Acara Sharing pendapat dan masukan ini dipimpin langsung oleh Ketua IAA Lumajang, A.Fauzi. Dalam diskusinya, forum menghendaki agar ada penguatan internal dulu sebelum melangkah ke kegiatan eksternal. Mengingat, pertemuan IAA Lumajang ini baru digelar dua kali. Pertama di rumah Gus Fauzan Adzima Kedungjajang dan kedua di rumah Yazid di Desa Padang.

TEMU ALUMNI : IAA Lumajang merapatkan barisan. Pererat hubungan silaturahim untuk kemajuan Pesantren Annuqayah Guluk Guluk Sumenep dan Kabupaten Lumajang. RED

“Kita berencana, selain membicarakan kegiatan pertemuan rutin sebulan sekali, kita akan menggelar acara halal bi halal. Tapi, karena mayoritas kawan- kawan mengusulkan lebih baik fokus dulu pada penguatan internal, maka program ini kita pending  dulu.
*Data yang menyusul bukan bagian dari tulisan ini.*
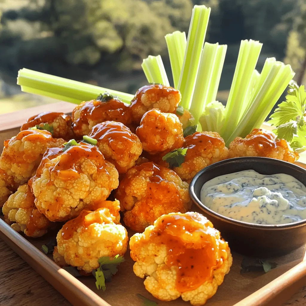 ![- 1 medium head of cauliflower, cut into bite-sized florets - 1 cup all-purpose flour (or gluten-free flour) - 1 cup water - 1 teaspoon garlic powder - 1 teaspoon onion powder - 1 teaspoon smoked paprika - Salt and pepper to taste - 1 cup buffalo sauce - 2 tablespoons melted vegan butter (optional) - Celery sticks - Blue cheese dressing - Calories: 180 - Protein: 5g - Carbohydrates: 25g - Dietary Fiber: 3g - Sugars: 2g - Fat: 7g Buffalo cauliflower bites make a great snack. They are tasty and healthy. You can enjoy them at any time. The ingredients are simple and easy to find. The optional ingredients can add flavor and crunch. You can serve them with celery sticks for a fresh bite. The blue cheese dressing gives a creamy touch that many love. When you make these bites, you get a great mix of flavor and texture. The baking method keeps them crispy without added oil. Each bite is packed with flavor from the spices. The buffalo sauce gives them a spicy kick that makes them hard to resist. For the full recipe, check out the detailed steps in the next section. Enjoy your cooking! First, preheat your oven to 450°F (230°C). This high heat helps to make the bites crispy. Next, line a baking sheet with parchment paper. This prevents sticking and makes cleanup easy. In a large bowl, whisk together: - 1 cup all-purpose flour - 1 cup water - 1 teaspoon garlic powder - 1 teaspoon onion powder - 1 teaspoon smoked paprika - Salt and pepper to taste Mix until smooth. You want the batter to coat the cauliflower well. If it’s too thick, add a bit more water. If too thin, add some flour. Take your cauliflower florets and dip each one into the batter. Make sure each piece is well-coated. After dipping, shake off any extra batter. Place them in a single layer on your baking sheet. Put the baking sheet in the oven and bake for 20-25 minutes. You want them golden brown and crispy. Halfway through, gently flip the bites for even cooking. In a separate bowl, mix 1 cup buffalo sauce with 2 tablespoons melted vegan butter, if you like. This adds richness and tones down the heat of the sauce. When the cauliflower bites are golden, take them out of the oven. Carefully toss them in the buffalo sauce until every piece is coated. Return the bites to the oven for another 10-15 minutes. This makes the sauce stick and enhances crispiness. Once done, let the bites cool for a few minutes. For the best experience, serve with celery sticks and blue cheese dressing. This adds a nice crunch and flavor. You can find the full recipe above for more details! To make sure your Buffalo Cauliflower Bites are crispy, follow these steps: - Use a hot oven. Preheat it to 450°F (230°C) for best results. - Don’t overcrowd the baking sheet. Place florets in a single layer. - Flip halfway through. This helps them brown evenly on all sides. - Bake longer if needed. Keep an eye on them until they look golden and crunchy. If you have dietary needs, don’t worry! Here are some easy swaps: - Gluten-free flour. Substitute the all-purpose flour with gluten-free flour. - Vegan butter. Skip the butter for a completely plant-based snack. - Spicy buffalo sauce. Choose a milder sauce if you prefer less heat. Want to save time? You can prep these bites in advance: - Cut the cauliflower. Do this a day ahead and store it in the fridge. - Make the batter. Prepare it and store it in the fridge for a day. - Bake ahead. You can bake the bites and reheat them later. For the complete recipe, check out the [Full Recipe]. {{image_4}} You can easily adjust the heat of your Buffalo Cauliflower Bites. For a spicy kick, use extra hot buffalo sauce. If you prefer a milder flavor, choose a mild buffalo sauce. You can also mix sauces. Blend hot and mild sauces to find your perfect balance. Add more or less sauce to control the heat. This way, you can please everyone at your table. If you want a quicker and healthier option, try the air fryer. This method makes the bites crispy without deep frying. Set your air fryer to 400°F (200°C). Cook the coated cauliflower for about 15 minutes, shaking the basket halfway through. Check for crispiness. This method cuts down on oil and keeps the bites light and tasty. You can make these bites even more fun by adding flavors. Try mixing in different spices like cayenne, cumin, or even lemon zest. For a cheesy touch, sprinkle nutritional yeast into the batter. If you love herbs, toss in some dried oregano or thyme. These simple changes can elevate your bites and keep your taste buds excited. For the complete recipe, check out the Full Recipe section. You can store leftover Buffalo Cauliflower Bites in an airtight container. Keep them in the fridge for up to three days. Make sure they cool down first to prevent moisture buildup. If you have a lot of leftovers, you can separate them into smaller portions. This helps with easy reheating later. To reheat, preheat your oven to 400°F (200°C). Place the cauliflower bites on a baking sheet. Heat them for about 10-15 minutes until they are crispy again. You can also use an air fryer for a quick reheat. Just heat them for about 5 minutes for the best crunch. If you want to freeze them, do it before tossing in the buffalo sauce. Place the uncooked battered cauliflower bites on a baking sheet in a single layer. Freeze them until solid, then transfer to a freezer bag. They can last for up to three months. When ready to eat, bake them straight from the freezer, adding a few extra minutes to the cooking time. Enjoy your snack any time! For the full recipe, please check the complete instructions. Buffalo Cauliflower Bites can last for about 3-5 days in the fridge. Make sure to store them in an airtight container. If you want to keep them longer, consider freezing them. Just be aware that freezing may change their texture. Yes, you can use frozen cauliflower. Just thaw it and drain any excess water. This will help the batter stick better. Keep in mind that fresh cauliflower may give a cri

Insya Allah, kalau sudah matang, anjangsananya jalan, dan pertemuan rutin juga jalan, maka langkah selanjutnya, kata Fauzi, adalah halal bi halal dengan mendatangkan Pengasuh Ponpes Annuqayah.
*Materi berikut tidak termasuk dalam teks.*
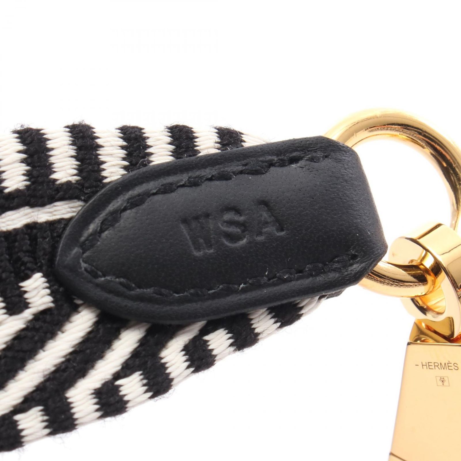 エルメス HERMES ショルダーストラップ バンドリエール サングル カヴァル 25mm ブラック ホワイト キャンバス レディース
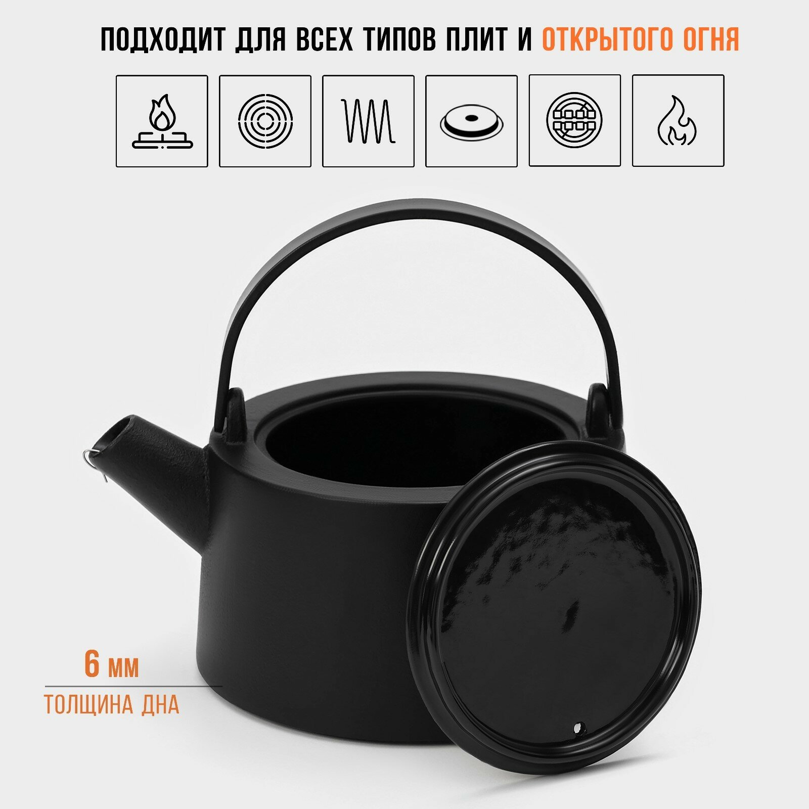 Чайник для плиты с эмалированным покрытием внутри Magma «Сайгон», 1,1 л, чугун, с ситом, индукция, цвет чёрный

“Pertemuan kali ini untuk mempererat silaturahim dulu. Baru setelah itu step by step kita menyusun kegiatan lewat raker”, ujar Fauzi.

Yang jelas IAA Lumajang berkomitmen untuk memberikan kontribusi kepada almamater Annuqayah dan pembangunan di Lumajang.

Di tempat yang sama, Penasehat IAA Lumajang, Gus Fauzan Adzima, menambahkan, awalnya alumni Annuqayah Lumajang bergabung dengan IAA Karasideman Besuki. Karena ada pemecahan wilayah per kabupaten, maka Lumajang berdiri sendiri dengan nama IAA Lumajang.

Setelah menyatakan berdiri sendiri, maka IAA Lumajang, langsung melakukan komunikasi dan koordinasi dengan alumni yang ada di Lumajang. “Sementara ini, masih ketemu sekitar 38 alumni Annuqayah di Lumajang,” tuturnya.

Kedepan, ujar Gus Fauzan, IAA Lumajang bisa eksis dan memberikan kontribusi kepada Pondok Pesantren Annuqayah dan kepada pemerintah daerah.

Diharapkan, alumni IAA yang hadir pada acara silaturahim mendatang lebih banyak lagi. Di tempat yang sama Yasid, salah satu pengurus IAA Lumajang sekaligus tuan rumah pertemuan, menyampaikan terima kasih atas kehadiran alumni Annuqayah yang ada di Lumajang.

“Saya minta teman-teman IAA Lumajang lebih solid lagi. Dan saya lihat ada peningkatan jumlah yang hadir ketimbang pertemuan pertama sebulan yang lalu”, paparnya.

Yasid menambahkan, ini merupakan ajang membangun silaturahim yang sempat terputus beberapa puluh tahun lalu.

“Ini wadah untuk mendekatkan sesama alumni Annuqayah. Kalau sudah solid, kompak, kegiatan halal bi halal maupun kegiatan lain mudah dilaksanakan”, imbuhnya.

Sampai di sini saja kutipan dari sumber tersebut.